Au plan méthodologique, c'est sur la fécondité ou l'évanescence des efforts théoriques qu'il y a lieu de méditer. Les géographes sont très souvent réticents devant les théories dont les schémas simplifiés ne leur paraissent pas garantir une connaissance plus
approfondie du réel; mais ici, l'intérêt de l'apport théorique des
deux économistes provient justement de leur pratique parallèle de l'étude des diversités foncières. Par contre, une certaine naïveté amuse : à les lire, il semble que la question foncière n'ait fait l'objet d'aucune attention sérieuse et soutenue hormis chez les économistes.
« ...La rente foncière est un fait social total qui relève de l'économie, de l'histoire, de la politique, du droit et de la sociologie » (p. 941).
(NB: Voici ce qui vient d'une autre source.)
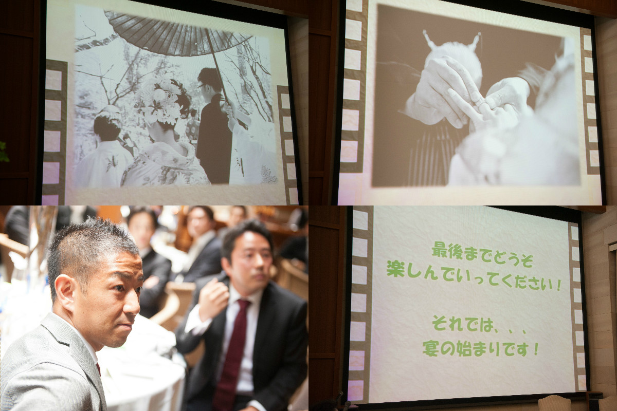 二つ目は、エンドロール。ゲストの似顔絵を新郎新婦が似顔絵制作ソフトで作成し、お気に入りの音楽に合わせて流しました。人数分の似顔絵作成は大変でしたがゲスト一人一人に向き合う時間ができたこと、ゲストへの感謝の気持ちを今までにない形で伝えることができ、こちらも大好評で盛り上がりました。

Par ces conclusions, J.L. Guigou, auteur d'un article sur « le sol et l'espace » dans le n° 1, 1980 de cette revue, invite à l'effort pluridisciplinaire. Où placer la
géographie ? N'aurait-elle rien écrit sur les relations entre l'homme et la terre ? Est-ce un oubli ? Ou un défaut d'abstraction, qui conduit à retrancher les phénomènes de la dimension dans laquelle ils se développent... ? Ou... — Violette Rey, Université de Paris-I.
(3) Rey (Violette), 1982, Besoin de terre des agriculteurs. Paris, Economica (p. 344 sqq.).
La France urbaine Les géographes français se plaignent souvent de ce que leurs collègues d'Outre-Atlantique ou
d'Outre-Manche ne les lisent guère. L'ouvrage de Ian Scargill (1) a donc le mérite de mettre à la portée des lecteurs anglo-saxons l'essentiel des acquis des recherches menées sur les villes françaises depuis une vingtaine d'années. Toutefois, ceux qui espéraient y trouver une synthèse seront déçus : plus que d'une véritable mise au point, il s'agit d'une simple compilation, présentée par « tiroirs » successifs. L'auteur ne donne pas d'éléments de comparaison avec d'autres pays, qui lui auraient
permis d'évaluer les caractères originaux de l'urbanisation française, et il n'apporte pas non plus de
construction ou de réflexion personnelles. — Denise Pumain, Institut National d'Études Démographiques, Paris..
(1) Scargill (I.), 1983, Urban France. New York, Saint- Martin, Beckenham, Croom Helm, 186 p.
La Mayenne La thèse (1) de Georges Macé est un ouvrage épais (trop peut-être), mais chaque chapitre est accompagné de résumés substantiels permettant des lectures à différents niveaux d'approfondissements. Nombre de ces
développements se rapportent aux comportements de groupes sociaux (éleveurs, syndicalistes...) et à leurs rôles dans l'évolution de l'espace mayennais pendant les dernières décennies. Ils montrent bien ce que la géographie peut apporter à la sociologie, à l'économie quand on prend l'espace en compte.
(1) Macé (Georges), 1983, Un département rural de l'Ouest, la Mayenne. L'homme, l'espace, le temps, les pouvoirs. Mayenne, Floch éd., 2 vol., 1011 p.